The fourth-class employees, responsible for the kind of things a decent community needed to function but would never dream of doing themselves, went through a hard time then. As the servant is the first to be suspected when something is stolen in the household, once the town reached the verdict that it was one of us, they were the natural choice to be suspected. A lot of the fourth-classers lived on campus without their families. Their wives and children lived at their village homes, while the men who worked here shared living quarters. This arrangement worked out well all around. It was cheaper for the men if their families lived in the village and it was cheaper for the university as they took up less space; four or five of them could be stuffed into a single apartment. Of course, there were a stubborn few who insisted on having their children attend the university school as they were entitled to, in the hopes of providing them with better education and opportunities than the village schools, but that was generally frowned upon. Those children were usually placed in section B in the classes, they rarely got major roles in the annual school plays, or any of the cultural or merit awards. They didn't come to our birthdays either. We didn't know if they had birthday parties. It was natural that the burden of suspicion fell on them. After all, they weren't educated and there were so many of them . . . All those lower-class, uneducated men living together, who knows what they got up to in that part of the town?
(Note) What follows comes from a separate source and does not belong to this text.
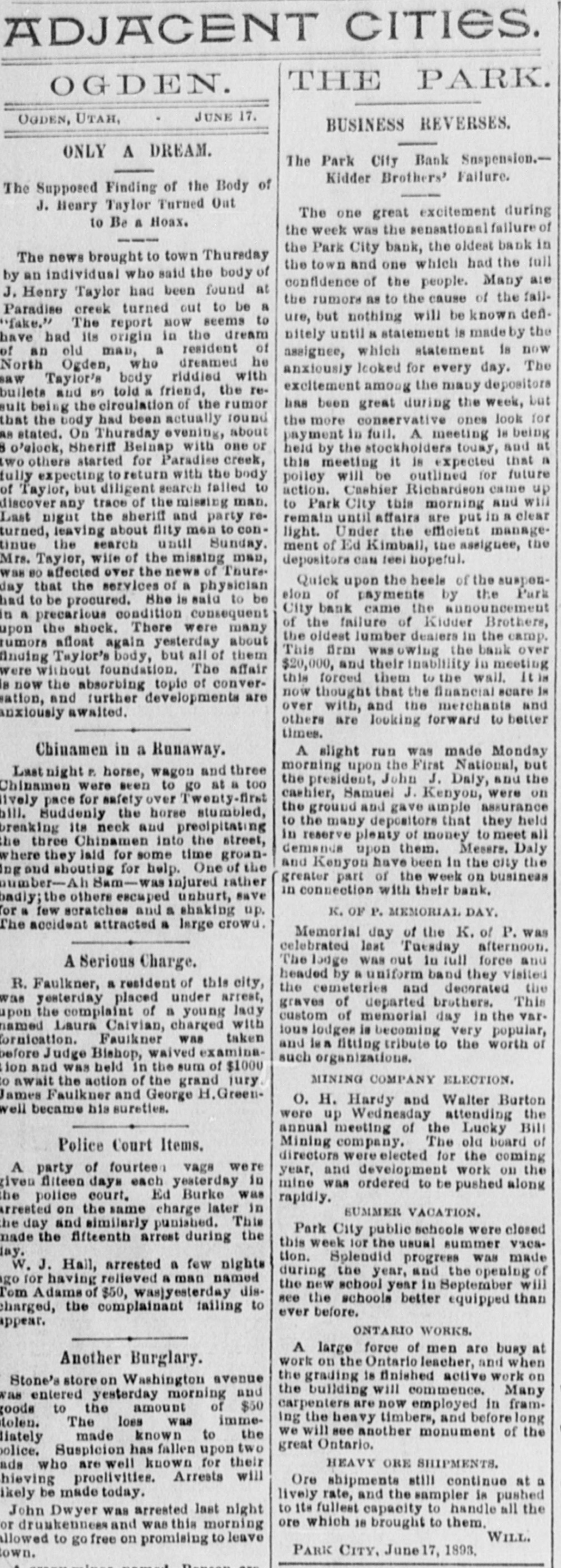 ADJACENT CITIES. THE PARK. OGDEN. JUNE 17. OGDEN, UTAH, BUSINESS REVERSES. ONLY A DREAM. The Park City Bank Suspension.Kidder Brothers' Failure. The Supposed Finding of the Body of J. Heary Taylor Turned Out The one great excitement during to Be a Hoax. the week was the sensational failure of the Park City bank, the oldest bank in The news brought to town Thursday the town and one which had the full by an individual who said the body of confidence of the people. Many are J. Henry Taylor had been found at the rumors as to the cause of the fallParadise creek turned out to be a ure, but nothing will be known defl"fake." The report NOW seems to nitely until a statement is made by the have had its origin in the dream of an old man, a resident of assignee, which statement is now North Ogden, who dreamed he anxiously looked for every day. The saw Taylor's body riddled with excitement among the many depositors bullets and BO told a friend, the rehas been great during the week, but suit being the circulation of the rumor the more conservative ones look for that the body had been actually round AR stated. On Thursday evening, about payment in full. A meeting 18 being 8 o'elock, Sheriff Belnap with one or held by the stockholders today, and at two others started for Paradise creek, this meeting it is expected that a fully expecting to return with the body polley will be outlined for future action. Cashier Richardson came up of Taylor, but diligent search failed to discover any trace of the missing man. to Park City this morning and will remain until affairs are put in a clear Last night the sheriff and party returned, leaving about nity men to conlight. Under the efficient managetinue the search until Sunday. ment of Ed Kimbali, the assignee, the Mrs. Taylor, wile of the missing man, depositors can feel hopeful. was 80 affected over the news of ThursQuick upon the heels of the suspenday that the services of a physician eion of payments by the Park had to be procured. She is said to be City bank came the announcement in a precarious condition consequent of the failure of Kidder Brothers, upon the shock. There were many the oldest lumber dealers in the camp. tumors afloat again yesterday about This firm as owing the bank over finding Taylor's body, but all of them $20,000, and their inability in meeting were without foundation. The affair this forced them to the wall. It is is now the absorbing topic of convernow thought that the financial scare is sation, and further developments are over with, and the merchants and anxiously awaited. others are looking forward to better times. Chinamen in a Runaway. A slight run was made Monday morning upon the First National, but Last night P. horse, wagon and three the president, John J. Daiy, and the Chinamen were seen to go at a too cashier, Samuel J. Kenyon, were on lively pace for safety over Twenty-first the ground and gave ample assurance bill. Suddenly the horse stumbled, to the many depositors that they held breaking its neck and precipitating in reserve plenty of money to meet all the three Chinamen into the street, demands upon them. Messre. Daly where they jaid for some time grownand Kenyou have been In the city the and shouting for help. One of the greater part of the week on business number-Ah injured rather in connection with their bank. badly;the others escaped unburt, save for a few soratches and a shaking up. K. OF P. MEMORIAL DAY. The accident attracted a large crowu. Memorial day of the K. of P. was celebrated last Tuesday afternoon. The lodge was out In full force and A Serious Charge. headed by a uniform band they visited R. Faulkner, a resident of this city, the cemeteries and decorated the was yesterday placed under arrest, graves of departed brothers. This upon the complaint of a young lady custom of memorial day in the var. named Laura Calvian, charged with lous lodges is becoming very popular, Cornication. Faulkner was taken and lan fitting tribute to the worth of before Judge Bishop, waived examinasuch organizations. ion and was held in the sum of $1000 MINING COMPANY ELECTION. to await the action of the grand jury James Faulkner and George H. GreenO. H. Hardy and Walter Burton well became his sureties. were up Wednesday attending the annual meeting of the Lucky Bill Mining company. The old board of Police Court Items. directors were elected for the coming A party of fourtee vaga were year, and development work on the given fliteen days each yesterday in mine was ordered to be pushed along the police court. Ed Burke was rapidly. Arrested on the same charge later in SUMMER VACATION. the day and similarly punished. This Park City public schools were closed nade the fifteenth arrest during the this week for the usual summer vacalay. tion. Splendid progress was made W. J. Hall, arrested a few nights during the year, and the opening of go for having relieved a man named the new school year in September will Tom Adams of $50, washyesterday dis. see the schools better equipped than charged, the complainant failing to ever before. appear. ONTARIO WORKS. A large force of men are busy at Another Burglary. work on the Ontario leacher, and when the grading is finished active work on Stone's store on Washington avenue the building will commence. Many was entered yesterday morning and carpenters are now employed in fram. goods to the amount of $50 ing the heavy timbers, and before long tolen. The loss was immeWe will see another monument of the dately made known to the great Ontario. police. Suspicion has fallen upon two HEAVY ORE SHIPMENTS. ada who are well known for their hieving proclivities. Arrests will Ore shipments still continue at a likely be made today. lively rate, and the sampler is pushed to its fullest capacity to handle all the John Dwyer was arrested last night ore which 18 brought to them. or drunkenneas and was this morning WILL. allowed to go free on promising to leave PARK CITY, June 1893. town.

Then someone suggested having a mass line up of the fourth-classers and have Zinnia identify the culprit. The two aunties who thought this up were so excited at the simple brilliance of the idea that they immediately set out to find Zinnia's mother. By the time they neared Zinnia's house, their number had grown to twelve or thirteen. This was such a wonderfully holy mission that no one they met on the way wanted to be left out. It was their civic duty. After all, if the man got away with it once, he might try it again. No one was safe. Of course, not one of them made the obvious point that Zinnia had never seen his face . . . they were too excited with their plan to be bothered with pesky little details like that.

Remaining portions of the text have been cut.